# .NET and More > Silverlight >  Formatting Multi-Line Textbox

## RobDog888

I need to limit a textbox to 40 characters per line and 5 lines max for a total  of 200 characters max entered.

Basically I need to set Tab stops at every 40 characters to force a new line.

Been searching and nada so far.

----------


## DeanMc

Rob, would your best option here not be to handle the text change event?

----------


## RobDog888

Quick fix was to limit the textbox to 200 chars, no prob, but to "simulate" the line limits I just turned on wordwrap. Lucky for me the area/size of the textbox almost perfectly fit 200 chars wrapped. They never knew the difference but I sure would like to figure out a solution like there is for VB6 multiline textbox with setting tab stops

----------


## DeanMc

Hmm,

I would imagine the best option is a custom textbox implementation but of course this adds more time to the project. Perhaps it is a "spare time" job.

----------


## RobDog888

Yea, "one day" perhaps. I got to enhance the app as I got two new requests from the QA dept.
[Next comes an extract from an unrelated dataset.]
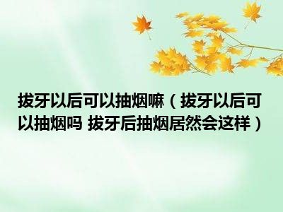 目前大家应该是对拔牙以后可以抽烟吗 拔牙后抽烟居然会这样比较感兴趣的,所以今天小编CC就来为大家整理了一些关于拔牙以后可以抽烟吗 拔牙后抽烟居然会这样方面的相关知识来分享给大家,希望大家会喜欢哦。

Always nit picking lol

----------


## DeanMc

Hey at least you have a QA dept, all I have is the missus!

----------


## RobDog888

Yea but you can sway the missus to pass your app lol

----------


## DeanMc

Well batting the auld eyelids does wonders....

On topic, if I get some spare time I might give this a look, a textbox with a few formatting properties like this would be a good project to work on.

----------